Wanting to mod a flashlight to head lamp.

My idea is the sears' gooseneck design with a flashlight head affixed onto shapeable wire, and use curly telephone cord down to an external battery pack (probably slung around my neck).

So, at radio shack don't see curly wire suitable for flexible conduction. (On an aside, this wire type would also help fix earbud issue of one month breakage guarantee.) Thinking telephone handset cord, and doubling up channels. 

Also, yet to go to lowes to see if I can get a flexible yet rigid wire that would allow all angles needed for a head (right, left, up and down).

My question is: If no common alternatives available locally, how many amps can a curly telephone wire handle, and how many if doubled. Could this create a flame nuissance for my head, or not. (I do hate the smell of burning hair.) And does anyone know of a common rigid but reshapeable wire that can be purchased that would suit this need.


----------



## Torque1st (Oct 4, 2008)

One word: Don't.

If you want to try it run your device with it and measure the voltage drop from one end to the other. Then calculate the dissipation.

Visit your local electrical supply store. Test lead wire is flexible. You can also buy silicone insulted heavy gage flexible wire at hobby stores.


----------



## precisionworks (Oct 4, 2008)

Handset cord is commonly 24 gauge.

In free air (single conductor) the rating is 3.50a, but in a bundle (like a handset cord) the rating drops to only 0.58a


----------



## TigerhawkT3 (Oct 4, 2008)

You can use Loc-Line (from the Shoppe) or cannibalize the flexible neck from another device. I can't help you with the curly cord. :thinking:


----------



## gadget_lover (Oct 5, 2008)

The wire you will find in a headset cord will vary greatly. There have been no standards since the breakup of AT&T.

The wire leading TO the telphone was usually 24 guage. The wire from the phone to the handset can be just about anything. Some are very fine multistrand wire and others are a single stand (or two) coiled around a silk thread. Cheaper ones use fewer, thicker strands of wire. 

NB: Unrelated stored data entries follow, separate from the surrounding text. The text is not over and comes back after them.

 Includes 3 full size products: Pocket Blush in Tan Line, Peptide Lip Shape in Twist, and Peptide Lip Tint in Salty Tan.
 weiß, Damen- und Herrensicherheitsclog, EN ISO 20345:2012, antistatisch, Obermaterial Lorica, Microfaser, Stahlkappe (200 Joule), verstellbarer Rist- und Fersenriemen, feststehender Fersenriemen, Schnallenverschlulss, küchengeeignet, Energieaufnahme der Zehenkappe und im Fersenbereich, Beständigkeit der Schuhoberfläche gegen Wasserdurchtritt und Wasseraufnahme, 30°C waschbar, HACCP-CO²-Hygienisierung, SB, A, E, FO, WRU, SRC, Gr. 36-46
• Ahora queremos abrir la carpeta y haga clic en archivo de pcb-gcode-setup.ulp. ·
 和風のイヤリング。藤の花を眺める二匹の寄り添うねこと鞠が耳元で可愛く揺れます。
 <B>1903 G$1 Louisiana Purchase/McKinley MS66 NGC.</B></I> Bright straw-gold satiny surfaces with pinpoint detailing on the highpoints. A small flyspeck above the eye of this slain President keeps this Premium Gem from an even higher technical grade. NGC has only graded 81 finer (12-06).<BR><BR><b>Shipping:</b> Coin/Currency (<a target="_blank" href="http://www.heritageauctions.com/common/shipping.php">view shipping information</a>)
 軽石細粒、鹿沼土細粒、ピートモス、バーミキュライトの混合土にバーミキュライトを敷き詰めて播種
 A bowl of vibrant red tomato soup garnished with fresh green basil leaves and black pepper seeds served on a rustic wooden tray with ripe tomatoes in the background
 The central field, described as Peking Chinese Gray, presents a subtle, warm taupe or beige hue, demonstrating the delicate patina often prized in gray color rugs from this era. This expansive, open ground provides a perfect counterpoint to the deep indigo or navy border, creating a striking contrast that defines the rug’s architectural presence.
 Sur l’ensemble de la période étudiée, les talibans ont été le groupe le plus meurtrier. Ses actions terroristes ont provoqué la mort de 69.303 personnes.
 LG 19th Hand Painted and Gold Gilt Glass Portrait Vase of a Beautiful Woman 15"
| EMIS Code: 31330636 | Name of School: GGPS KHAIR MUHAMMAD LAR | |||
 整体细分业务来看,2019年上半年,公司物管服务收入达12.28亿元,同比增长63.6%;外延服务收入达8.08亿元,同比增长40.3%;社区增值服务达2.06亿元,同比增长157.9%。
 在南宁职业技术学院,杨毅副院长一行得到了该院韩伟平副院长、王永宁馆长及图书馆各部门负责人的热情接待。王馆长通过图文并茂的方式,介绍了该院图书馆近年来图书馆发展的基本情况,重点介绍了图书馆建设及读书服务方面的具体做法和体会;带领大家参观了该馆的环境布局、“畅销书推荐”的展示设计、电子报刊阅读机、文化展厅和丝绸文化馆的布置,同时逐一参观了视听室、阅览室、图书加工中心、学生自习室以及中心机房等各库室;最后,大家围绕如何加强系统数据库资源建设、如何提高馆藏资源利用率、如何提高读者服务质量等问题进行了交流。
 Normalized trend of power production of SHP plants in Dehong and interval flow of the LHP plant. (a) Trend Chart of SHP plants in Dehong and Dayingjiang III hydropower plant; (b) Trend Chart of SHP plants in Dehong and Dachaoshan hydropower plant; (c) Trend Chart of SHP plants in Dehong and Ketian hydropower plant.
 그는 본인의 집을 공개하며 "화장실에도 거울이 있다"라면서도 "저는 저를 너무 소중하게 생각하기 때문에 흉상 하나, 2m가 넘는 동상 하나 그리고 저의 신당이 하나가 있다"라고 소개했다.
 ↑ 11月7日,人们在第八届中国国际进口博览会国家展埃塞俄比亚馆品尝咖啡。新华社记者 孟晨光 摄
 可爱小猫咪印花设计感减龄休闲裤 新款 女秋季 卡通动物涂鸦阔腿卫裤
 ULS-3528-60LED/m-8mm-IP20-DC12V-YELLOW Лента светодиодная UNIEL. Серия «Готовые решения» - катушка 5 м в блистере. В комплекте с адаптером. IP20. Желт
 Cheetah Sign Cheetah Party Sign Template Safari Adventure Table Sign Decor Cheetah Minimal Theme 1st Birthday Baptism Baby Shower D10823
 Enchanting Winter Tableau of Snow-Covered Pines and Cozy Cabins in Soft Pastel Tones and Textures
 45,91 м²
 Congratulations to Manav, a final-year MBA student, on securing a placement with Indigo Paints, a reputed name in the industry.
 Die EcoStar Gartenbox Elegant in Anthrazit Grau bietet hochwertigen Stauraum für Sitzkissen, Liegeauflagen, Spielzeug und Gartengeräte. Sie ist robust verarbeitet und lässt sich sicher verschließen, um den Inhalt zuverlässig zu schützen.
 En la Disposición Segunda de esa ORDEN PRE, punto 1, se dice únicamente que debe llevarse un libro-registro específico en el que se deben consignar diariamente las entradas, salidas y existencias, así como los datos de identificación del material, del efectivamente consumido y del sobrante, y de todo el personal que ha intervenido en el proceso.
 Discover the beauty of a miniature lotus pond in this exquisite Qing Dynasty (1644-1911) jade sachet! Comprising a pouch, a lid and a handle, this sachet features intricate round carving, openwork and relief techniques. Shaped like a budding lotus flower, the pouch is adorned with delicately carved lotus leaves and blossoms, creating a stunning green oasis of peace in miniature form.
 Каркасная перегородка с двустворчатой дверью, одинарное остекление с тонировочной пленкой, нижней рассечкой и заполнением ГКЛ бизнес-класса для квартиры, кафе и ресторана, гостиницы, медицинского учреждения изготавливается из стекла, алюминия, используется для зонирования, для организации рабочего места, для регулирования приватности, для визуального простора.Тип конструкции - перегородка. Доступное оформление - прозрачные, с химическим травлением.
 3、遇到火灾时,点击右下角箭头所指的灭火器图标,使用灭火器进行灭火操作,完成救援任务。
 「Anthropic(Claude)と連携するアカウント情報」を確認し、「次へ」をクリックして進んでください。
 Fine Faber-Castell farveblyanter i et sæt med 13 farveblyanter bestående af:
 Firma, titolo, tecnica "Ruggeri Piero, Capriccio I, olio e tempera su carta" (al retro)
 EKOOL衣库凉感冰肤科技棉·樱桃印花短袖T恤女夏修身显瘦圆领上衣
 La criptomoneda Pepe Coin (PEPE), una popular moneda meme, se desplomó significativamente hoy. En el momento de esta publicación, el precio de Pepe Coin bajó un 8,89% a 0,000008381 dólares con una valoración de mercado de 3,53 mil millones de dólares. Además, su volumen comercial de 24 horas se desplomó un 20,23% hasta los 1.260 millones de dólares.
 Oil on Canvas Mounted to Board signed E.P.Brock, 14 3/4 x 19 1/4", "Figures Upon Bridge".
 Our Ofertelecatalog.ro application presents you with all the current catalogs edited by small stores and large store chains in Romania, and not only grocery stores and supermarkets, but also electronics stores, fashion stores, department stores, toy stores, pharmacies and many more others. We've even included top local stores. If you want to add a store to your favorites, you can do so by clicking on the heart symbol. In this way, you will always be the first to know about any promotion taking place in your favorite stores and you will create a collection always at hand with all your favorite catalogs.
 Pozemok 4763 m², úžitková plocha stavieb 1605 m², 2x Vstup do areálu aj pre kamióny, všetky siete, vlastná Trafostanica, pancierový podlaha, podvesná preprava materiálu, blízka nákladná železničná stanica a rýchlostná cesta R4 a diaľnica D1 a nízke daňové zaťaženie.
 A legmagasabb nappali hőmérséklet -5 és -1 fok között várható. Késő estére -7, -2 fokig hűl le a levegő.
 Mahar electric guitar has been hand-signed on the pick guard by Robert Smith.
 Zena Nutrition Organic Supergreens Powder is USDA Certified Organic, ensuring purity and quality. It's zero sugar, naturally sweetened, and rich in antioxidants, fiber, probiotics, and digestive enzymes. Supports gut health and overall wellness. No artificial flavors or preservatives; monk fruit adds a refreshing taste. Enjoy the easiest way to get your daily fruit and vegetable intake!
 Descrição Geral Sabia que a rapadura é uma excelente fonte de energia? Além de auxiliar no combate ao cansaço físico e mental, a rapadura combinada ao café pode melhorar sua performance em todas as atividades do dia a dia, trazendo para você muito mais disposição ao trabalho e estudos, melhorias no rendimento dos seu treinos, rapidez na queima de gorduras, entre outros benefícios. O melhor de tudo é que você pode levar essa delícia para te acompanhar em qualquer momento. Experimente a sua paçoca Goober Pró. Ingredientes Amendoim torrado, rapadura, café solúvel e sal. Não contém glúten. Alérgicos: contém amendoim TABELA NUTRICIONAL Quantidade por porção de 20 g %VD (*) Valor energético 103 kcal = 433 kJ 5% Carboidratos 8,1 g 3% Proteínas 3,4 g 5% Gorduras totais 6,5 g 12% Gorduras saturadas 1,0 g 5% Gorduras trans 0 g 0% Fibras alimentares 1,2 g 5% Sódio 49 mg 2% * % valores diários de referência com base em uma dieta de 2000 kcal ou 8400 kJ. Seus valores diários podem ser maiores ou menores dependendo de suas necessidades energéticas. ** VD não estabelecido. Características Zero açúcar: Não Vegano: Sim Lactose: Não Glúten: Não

When you double the wire, you double the current carrying capacity.

Daniel


----------



## mikel81 (Oct 18, 2008)

TigerhawkT3 said:


> cannibalize the flexible neck from another device. :thinking:



Grill lighters sometimes have flex necks, or a microphone.


----------



## divine (Oct 19, 2008)

I looked on google for a minute.

Here is a link.

It says to call to order.

*edit* I guess that's not local. :thinking:


----------



## Fourinchdragslicks (Oct 27, 2008)

What if you used some heavier gauge solid wire (10 ga., or larger gauge but braided) This should eliminate your amperage concern, and you would be able to pose it in pretty much any concievable position. The wire size would have to be determined by how much wieght you would be hanging off the end of it. I would look at your local big box home center and play with their wire to see what looks like it might work.


----------



## Oznog (Nov 1, 2008)

Just look on ebay for "coiled (wire,cord)"

Lots of radar detectors use coiled cords. The gauge should be sufficient.


----------